You say that it can work if you can atomically GPL and distribute it
but that doesn't make any sense to me.  By creating a dervied work
from a GPL work, the new work is GPL'd from the time of its creation.
You can't (AIUI) un-GPL it distribute it and then re-GPL it and expect
that everything is ok.  If for some reason the NDA + the GPL prevent
the distribution when both in force, then it can't be distributed
because you can't avoid the GPL in the situation described.


On Fri, Jul 20, 2001 at 03:36:15PM +0200, Carlo Wood wrote:
> Imho, it works as follows:
> anything + GPL can not be distributed unless it is first GPL-ed.

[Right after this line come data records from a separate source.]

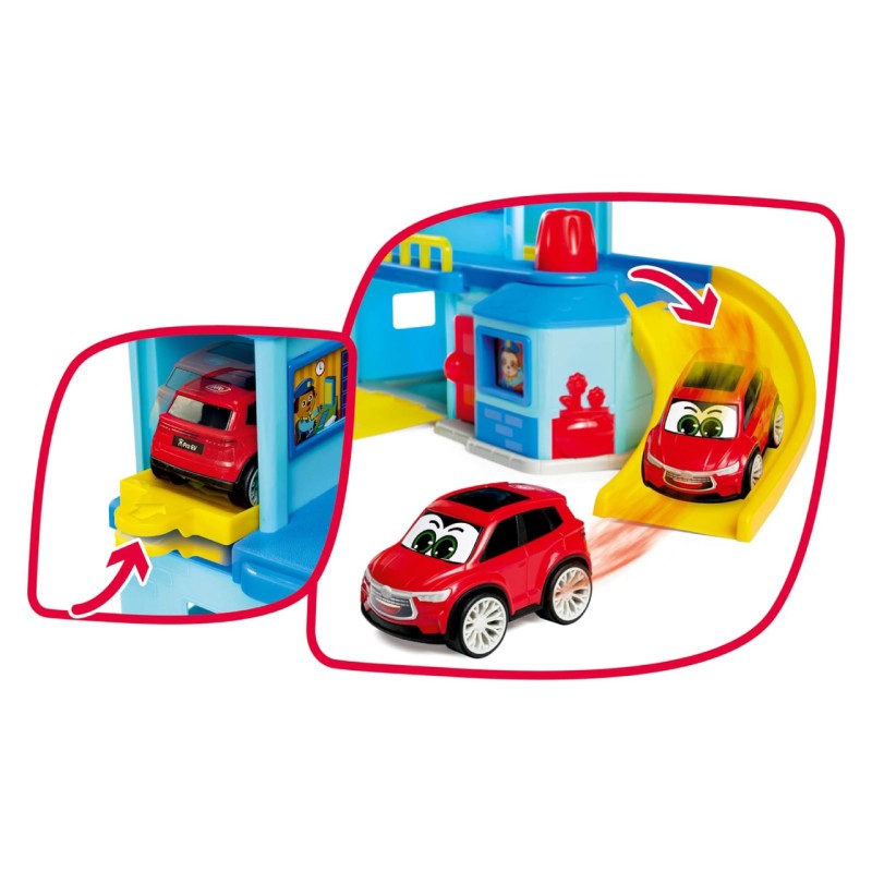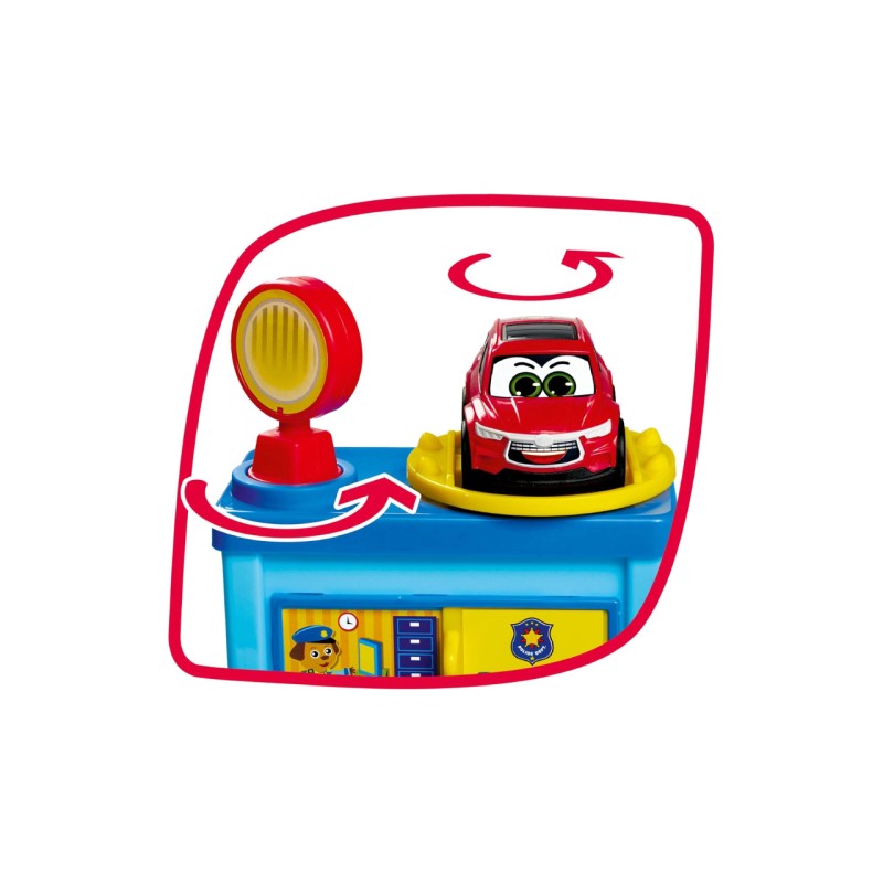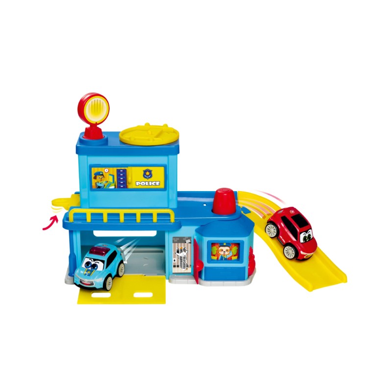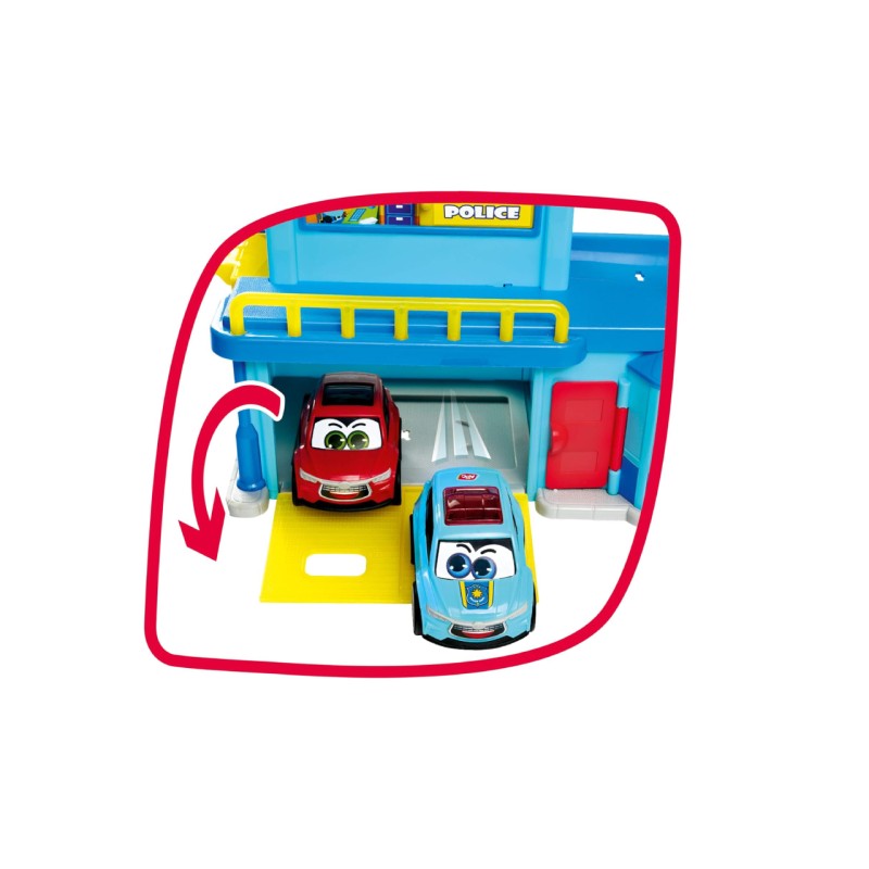 Setul ABC - Post de poliție vine cu două mașini de poliție cu rampă și funcții.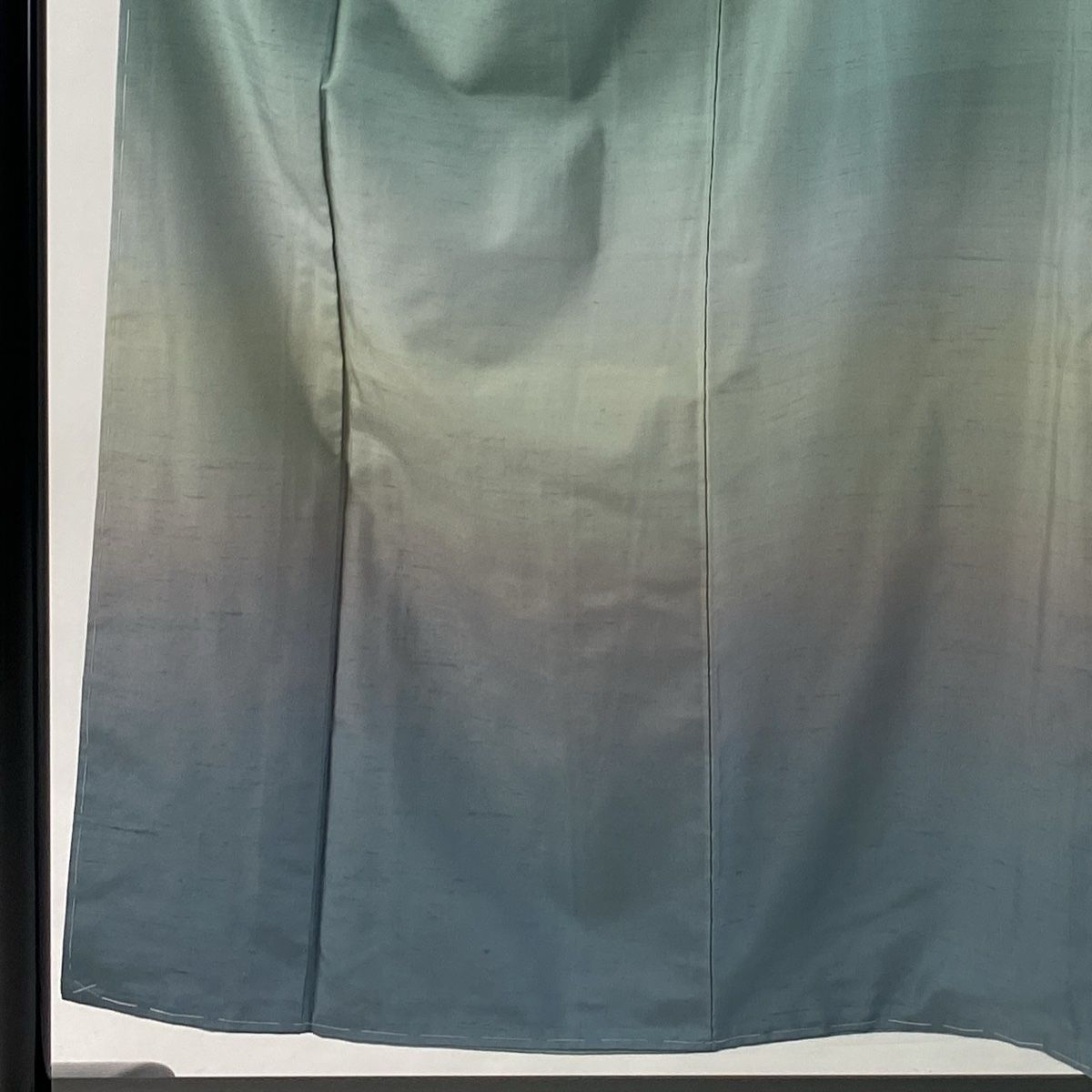 付下げ 身丈155 cm 裄丈65.5 M 袷 牛首紬地 落款 証紙 ぼかし柄 薄緑 正絹 一つ紋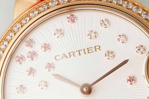 Cartier Ballon Bleu de Cartier Qixi Festival Limited Edition Watch, with an 18K gold case, a fully diamond-set bezel, a sunburst dial adorned with pink sapphires and diamonds, is exquisitely crafted.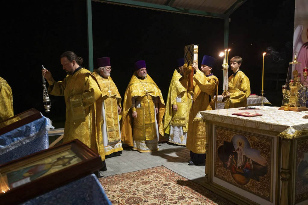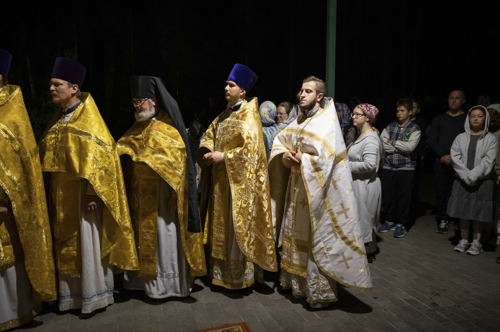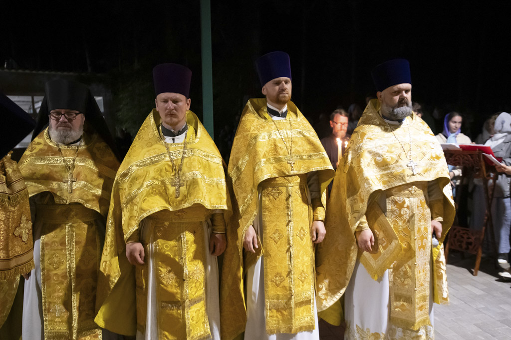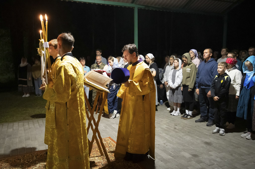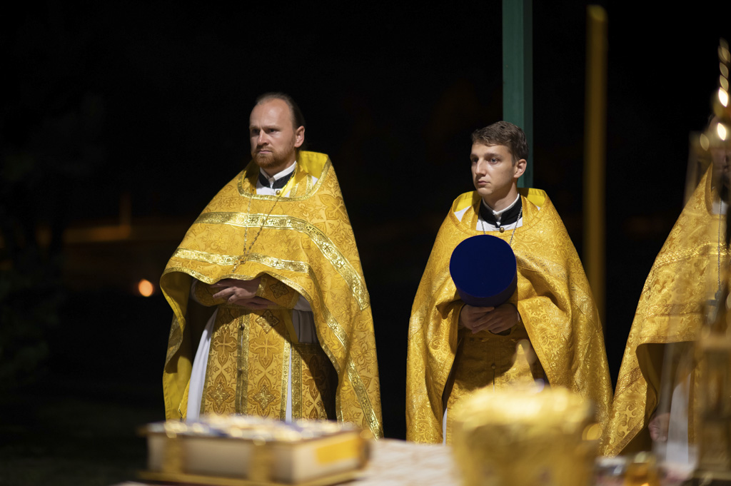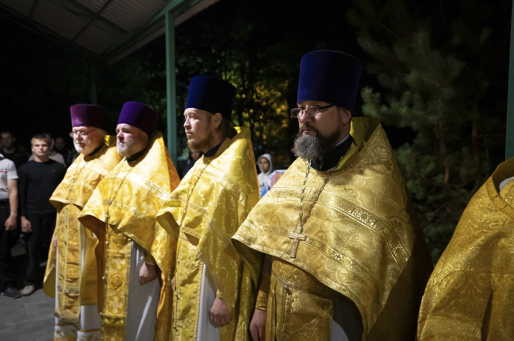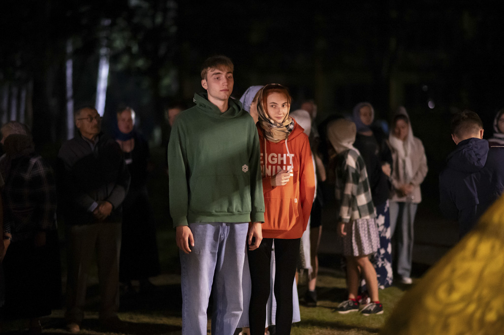 Служба началась в 23:30. Среди присутствующих были молодые люди из всех уголков Гомельской епархии, а также гости из других епархий Белорусской Православной Церкви. У алтаря, установленного под открытым небом, царила глубокая молитвенная тишина. Сквозь неё мягко лился свет свечей. На фоне звёздного неба звучали слова ектений, и каждый из молящихся ощущал себя частью единого церковного тела.

> If 'anything' disallows changing the license, then it can not be
> distributed period.  However, if the NDA allows B to perform the
> following atomic operation: distibute it back to A and GPL it at
> the same time, then there is no incompatibility with the GPL.
> However, and that is certainly an interesting legal question,
> can something like that be atomic?  If you first GPL it and THEN
> distribute it to A, then there CAN NOT be a restriction to also
> distribute it to C.  While when you first distribute it to A and
> then GPL it, you violated the GPL.  And even when the operation
> can be atomic, A can not distribute it anymore of course - if he
> does that then the orginal authors of the GPL-ed code as well as
> B can legally request a copy - which would be GPL-ed.
> Imho, this is only possible when the transfer from B back to A
> is not considered a distribution as per GPL.